Task prompt → Once the pictures are removed, reproduce what is left of the data below exactly.
Given material Start Marker
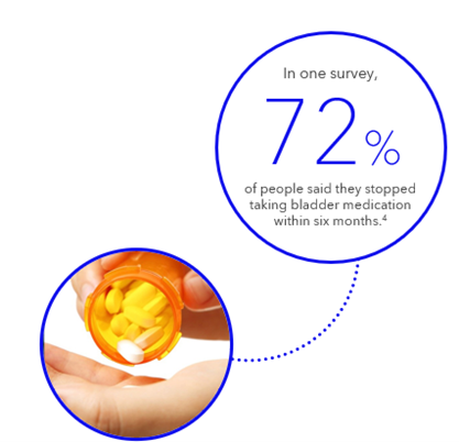 You have to remember to take these medications every day. Some side effects can be unpleasant, such as dry mouth, blurry vision, constipation, and hypertension.2 Other side effects are more serious. In fact, data suggests that one class of drugs for OAB (anticholinergics) may increase risk of dementia in elderly people.3 Even more important, these medications don’t always work. In one survey, 72% of people said they stopped taking their medication after just six months.4
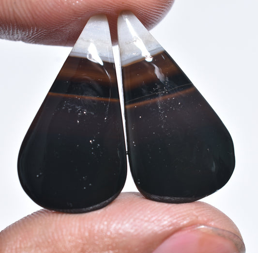 Natural Black Banded Agate Pair – Hand Polished Pear Shape Loose Gemstone Pair for Jewelry Making
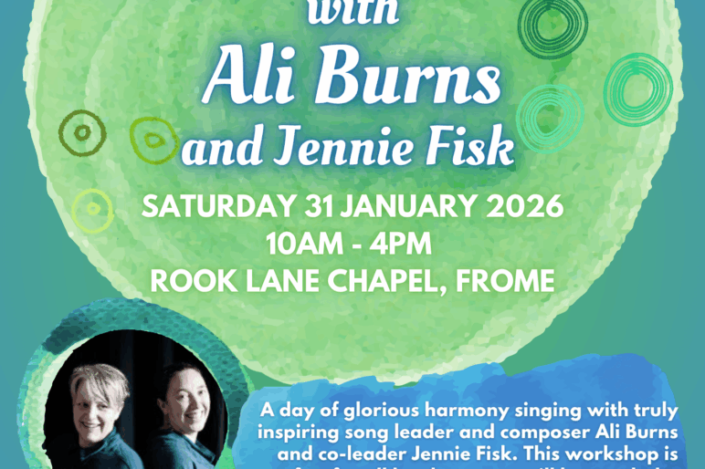 This workshop is hosted by Clara Atkins ‘Sing With Clarity’. Clara leads two community choirs, a peace choir and a women’s wellbeing singing circle, as well as running one-off singing workshops. “I am a big fan of Ali’s work and teach many of her songs to my choirs. I am excited to be hosting her in Frome and can’t wait to hear what songs she’ll be sharing with us! Ali is an incredible composer and teacher. Don’t miss out on this opportunity to sing with her – she doesn’t come down this way very often!”
Given material End Marker
Solved problem →
 You have to remember to take these medications every day. Some side effects can be unpleasant, such as dry mouth, blurry vision, constipation, and hypertension.2 Other side effects are more serious. In fact, data suggests that one class of drugs for OAB (anticholinergics) may increase risk of dementia in elderly people.3 Even more important, these medications don’t always work. In one survey, 72% of people said they stopped taking their medication after just six months.4
 Natural Black Banded Agate Pair – Hand Polished Pear Shape Loose Gemstone Pair for Jewelry Making
 This workshop is hosted by Clara Atkins ‘Sing With Clarity’. Clara leads two community choirs, a peace choir and a women’s wellbeing singing circle, as well as running one-off singing workshops. “I am a big fan of Ali’s work and teach many of her songs to my choirs. I am excited to be hosting her in Frome and can’t wait to hear what songs she’ll be sharing with us! Ali is an incredible composer and teacher. Don’t miss out on this opportunity to sing with her – she doesn’t come down this way very often!”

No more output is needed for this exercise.